### DATA SUPPLIED
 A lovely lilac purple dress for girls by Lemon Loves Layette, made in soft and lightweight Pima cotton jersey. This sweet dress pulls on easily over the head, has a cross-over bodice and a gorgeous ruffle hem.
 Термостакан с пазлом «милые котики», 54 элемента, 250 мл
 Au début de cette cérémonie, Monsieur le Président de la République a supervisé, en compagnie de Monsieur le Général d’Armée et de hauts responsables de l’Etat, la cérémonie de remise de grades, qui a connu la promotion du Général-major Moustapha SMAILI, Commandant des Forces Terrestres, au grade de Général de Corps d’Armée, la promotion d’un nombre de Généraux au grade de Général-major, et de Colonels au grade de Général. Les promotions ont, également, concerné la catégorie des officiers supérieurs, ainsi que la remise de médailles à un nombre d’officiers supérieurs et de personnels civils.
==
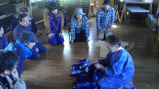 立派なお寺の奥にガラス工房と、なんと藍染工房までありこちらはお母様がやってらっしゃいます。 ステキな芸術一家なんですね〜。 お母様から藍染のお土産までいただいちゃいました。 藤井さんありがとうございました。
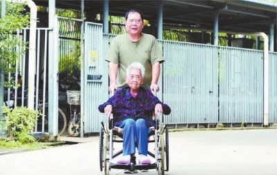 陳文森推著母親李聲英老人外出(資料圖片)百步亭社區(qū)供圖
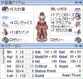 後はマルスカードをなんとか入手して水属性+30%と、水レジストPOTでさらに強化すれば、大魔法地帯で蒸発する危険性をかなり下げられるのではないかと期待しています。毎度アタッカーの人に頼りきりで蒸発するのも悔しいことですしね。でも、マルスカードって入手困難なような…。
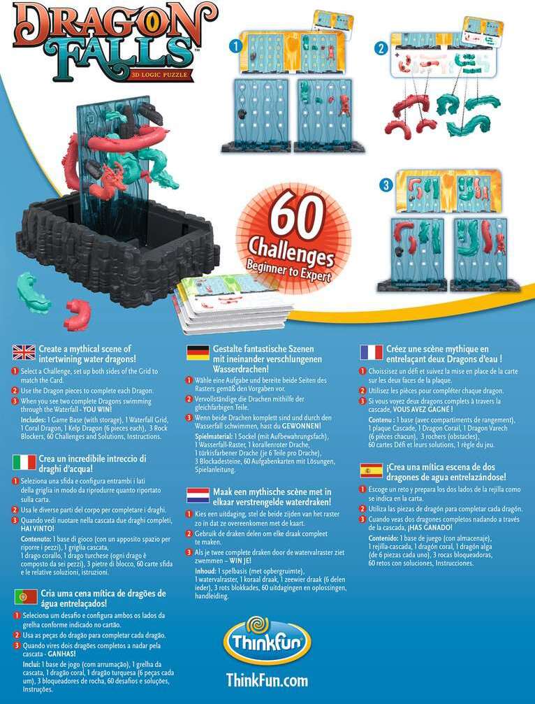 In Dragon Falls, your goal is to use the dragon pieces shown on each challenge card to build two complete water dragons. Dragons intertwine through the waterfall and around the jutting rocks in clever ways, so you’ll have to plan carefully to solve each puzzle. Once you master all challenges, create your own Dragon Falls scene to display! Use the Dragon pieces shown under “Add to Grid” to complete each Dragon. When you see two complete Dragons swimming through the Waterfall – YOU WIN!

### WORK ITEM
The exact lines of the material above starting at the one that contains "A lovely lilac" and ending at the one that contains "Термостакан с пазлом" are what to retype; leave out everything else.

### ANSWER FOR THIS EXERCISE
 A lovely lilac purple dress for girls by Lemon Loves Layette, made in soft and lightweight Pima cotton jersey. This sweet dress pulls on easily over the head, has a cross-over bodice and a gorgeous ruffle hem.
 Термостакан с пазлом «милые котики», 54 элемента, 250 мл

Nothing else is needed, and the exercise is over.